= Problem details =
Write out the lines of the material below exactly, beginning at the line with "This bank is" and stopping after the line with "如图所示,界面上方展示着属性", and leave out the pictures.

___ Provided material ___

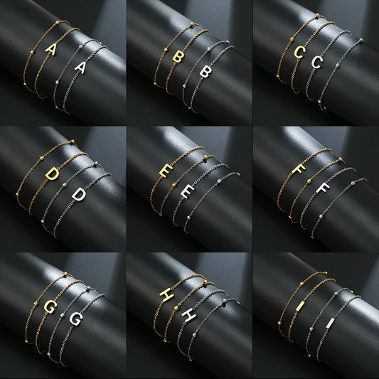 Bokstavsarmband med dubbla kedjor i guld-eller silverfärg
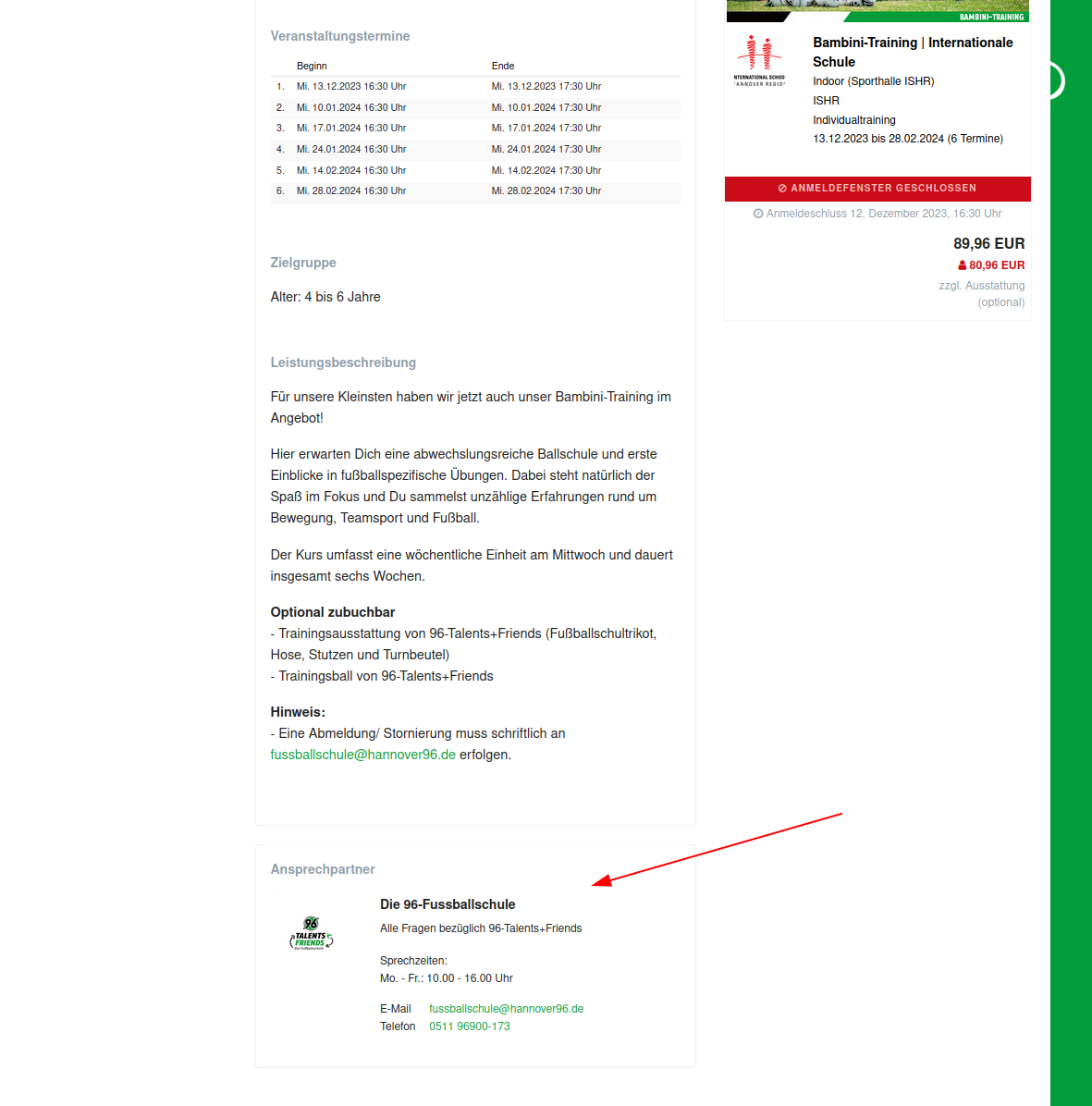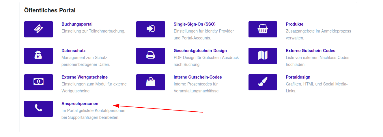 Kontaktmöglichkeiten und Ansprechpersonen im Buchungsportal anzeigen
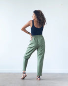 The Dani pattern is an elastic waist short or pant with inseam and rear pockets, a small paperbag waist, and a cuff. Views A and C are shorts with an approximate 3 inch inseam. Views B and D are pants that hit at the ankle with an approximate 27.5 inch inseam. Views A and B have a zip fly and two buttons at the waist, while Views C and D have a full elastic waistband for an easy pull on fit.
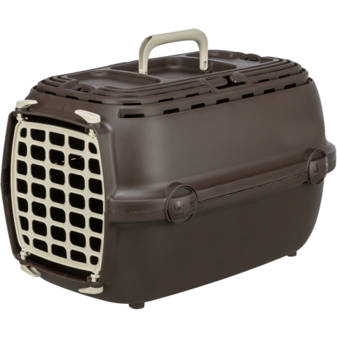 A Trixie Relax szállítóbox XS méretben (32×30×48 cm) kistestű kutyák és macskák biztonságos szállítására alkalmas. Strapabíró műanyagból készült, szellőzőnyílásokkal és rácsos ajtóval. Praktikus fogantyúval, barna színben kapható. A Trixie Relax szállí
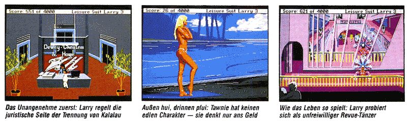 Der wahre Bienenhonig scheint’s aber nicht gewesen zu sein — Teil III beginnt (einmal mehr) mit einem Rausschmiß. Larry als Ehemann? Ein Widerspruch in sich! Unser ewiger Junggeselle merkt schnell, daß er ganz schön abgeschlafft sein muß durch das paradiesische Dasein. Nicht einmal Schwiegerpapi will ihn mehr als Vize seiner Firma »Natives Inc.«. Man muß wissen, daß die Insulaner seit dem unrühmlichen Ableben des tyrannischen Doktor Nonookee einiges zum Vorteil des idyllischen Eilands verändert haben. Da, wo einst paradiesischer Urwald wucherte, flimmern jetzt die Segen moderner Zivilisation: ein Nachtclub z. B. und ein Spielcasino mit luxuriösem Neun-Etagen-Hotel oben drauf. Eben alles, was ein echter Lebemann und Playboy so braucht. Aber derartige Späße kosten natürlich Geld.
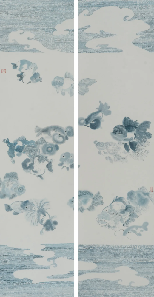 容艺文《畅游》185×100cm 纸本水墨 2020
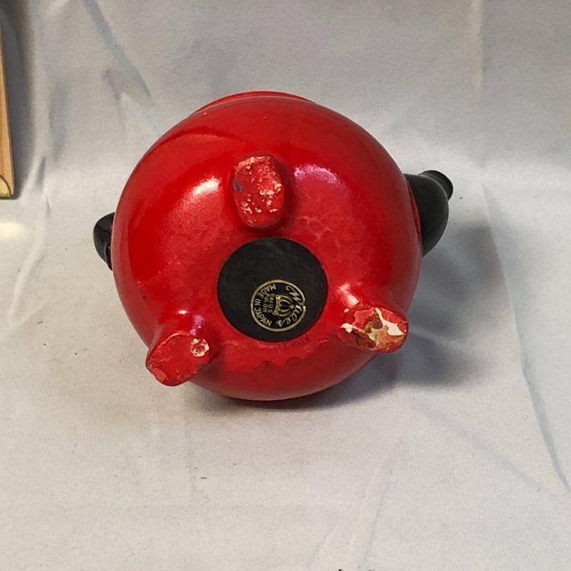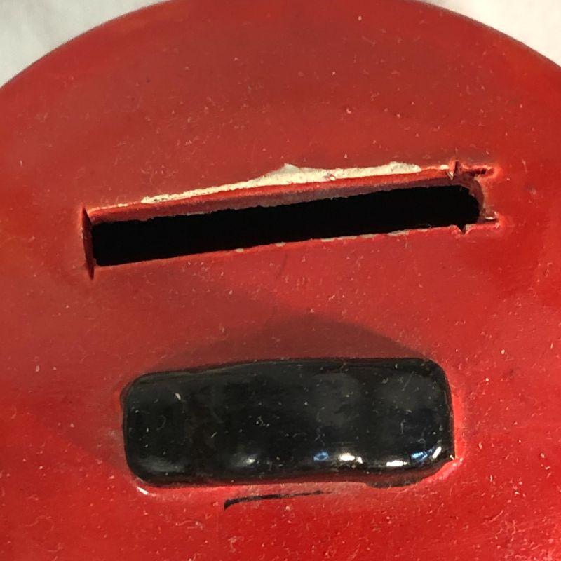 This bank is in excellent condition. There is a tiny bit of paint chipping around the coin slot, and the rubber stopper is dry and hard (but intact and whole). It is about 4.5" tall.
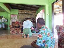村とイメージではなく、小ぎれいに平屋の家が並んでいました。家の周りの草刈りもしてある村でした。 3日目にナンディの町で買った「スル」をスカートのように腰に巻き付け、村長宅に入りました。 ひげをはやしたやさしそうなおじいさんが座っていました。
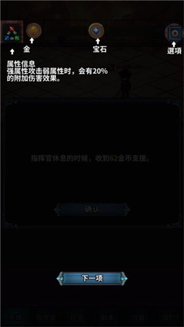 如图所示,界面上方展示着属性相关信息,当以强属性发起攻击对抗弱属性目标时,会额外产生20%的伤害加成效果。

___
___ Provided material ___

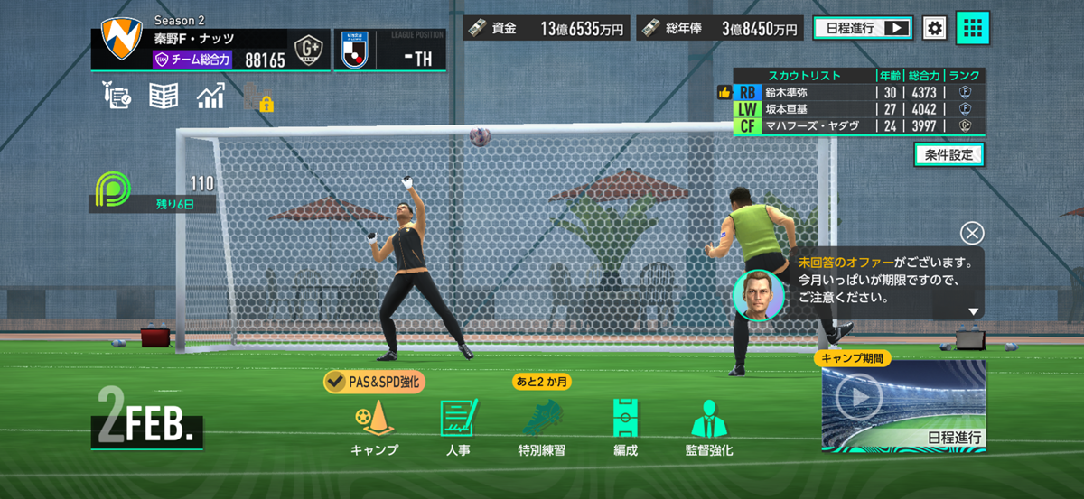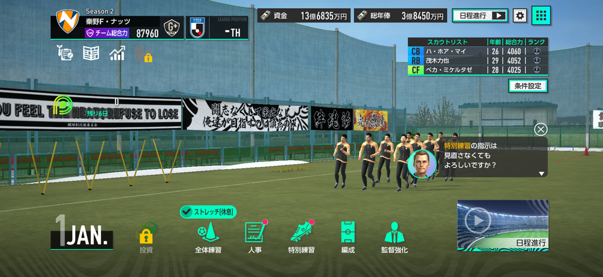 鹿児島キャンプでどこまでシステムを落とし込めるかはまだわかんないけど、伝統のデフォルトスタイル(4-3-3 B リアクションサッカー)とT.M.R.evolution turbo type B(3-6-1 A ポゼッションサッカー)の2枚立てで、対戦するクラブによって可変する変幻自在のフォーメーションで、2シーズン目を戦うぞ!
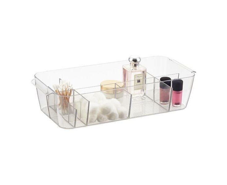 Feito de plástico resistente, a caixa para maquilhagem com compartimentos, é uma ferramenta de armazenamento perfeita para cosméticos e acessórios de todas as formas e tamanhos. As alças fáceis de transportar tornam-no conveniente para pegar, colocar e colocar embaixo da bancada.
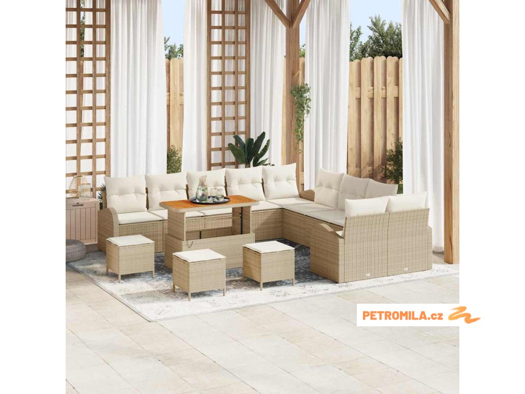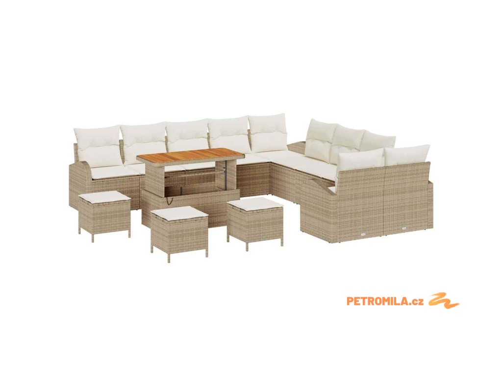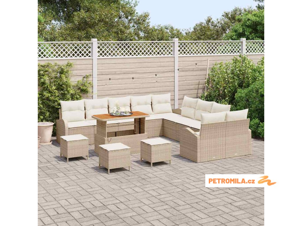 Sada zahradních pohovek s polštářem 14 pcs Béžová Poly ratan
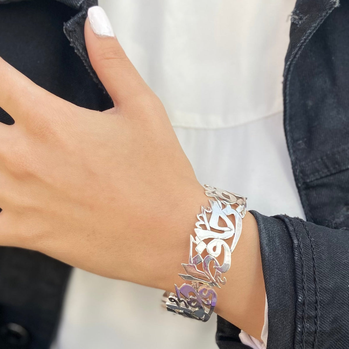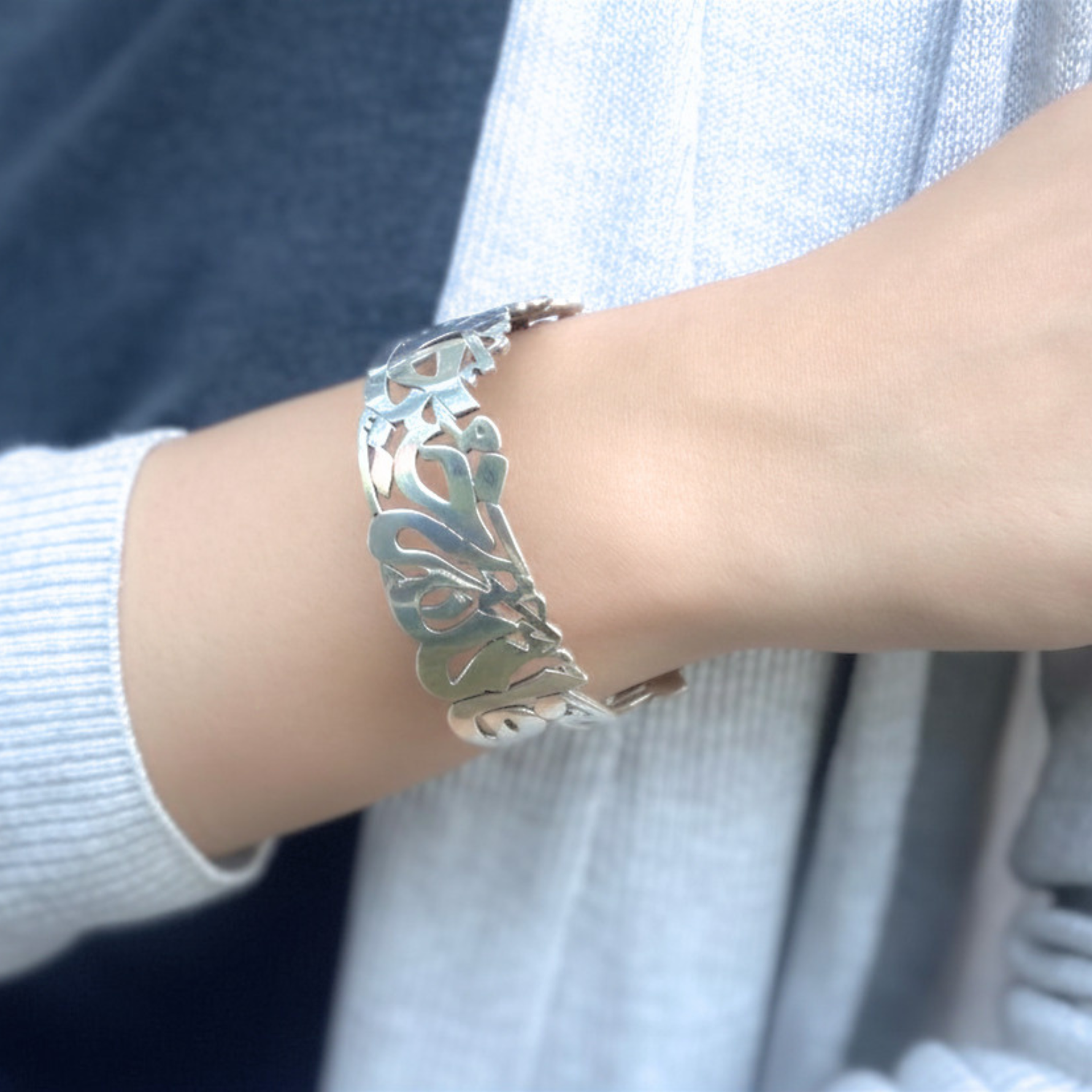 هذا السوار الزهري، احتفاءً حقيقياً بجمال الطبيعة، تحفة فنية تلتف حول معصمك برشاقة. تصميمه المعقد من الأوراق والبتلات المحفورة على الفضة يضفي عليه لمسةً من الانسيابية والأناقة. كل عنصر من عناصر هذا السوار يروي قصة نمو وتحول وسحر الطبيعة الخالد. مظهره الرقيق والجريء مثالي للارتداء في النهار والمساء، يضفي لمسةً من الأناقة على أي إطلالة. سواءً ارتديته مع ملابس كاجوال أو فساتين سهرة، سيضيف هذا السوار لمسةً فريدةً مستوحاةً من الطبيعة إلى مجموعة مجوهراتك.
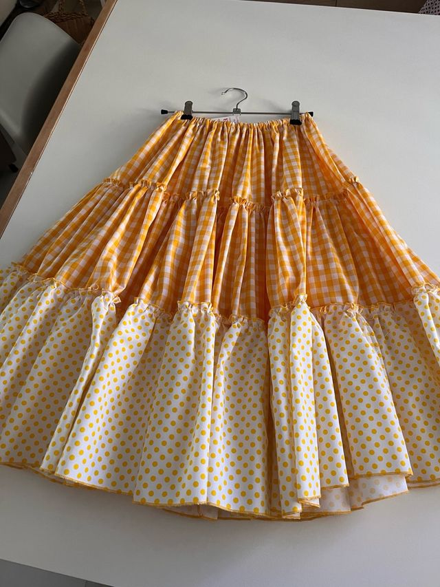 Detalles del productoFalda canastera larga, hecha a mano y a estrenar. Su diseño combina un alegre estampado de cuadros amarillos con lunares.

___

= Result of the exercise =
 This bank is in excellent condition. There is a tiny bit of paint chipping around the coin slot, and the rubber stopper is dry and hard (but intact and whole). It is about 4.5" tall.
村とイメージではなく、小ぎれいに平屋の家が並んでいました。家の周りの草刈りもしてある村でした。 3日目にナンディの町で買った「スル」をスカートのように腰に巻き付け、村長宅に入りました。 ひげをはやしたやさしそうなおじいさんが座っていました。
 如图所示,界面上方展示着属性相关信息,当以强属性发起攻击对抗弱属性目标时,会额外产生20%的伤害加成效果。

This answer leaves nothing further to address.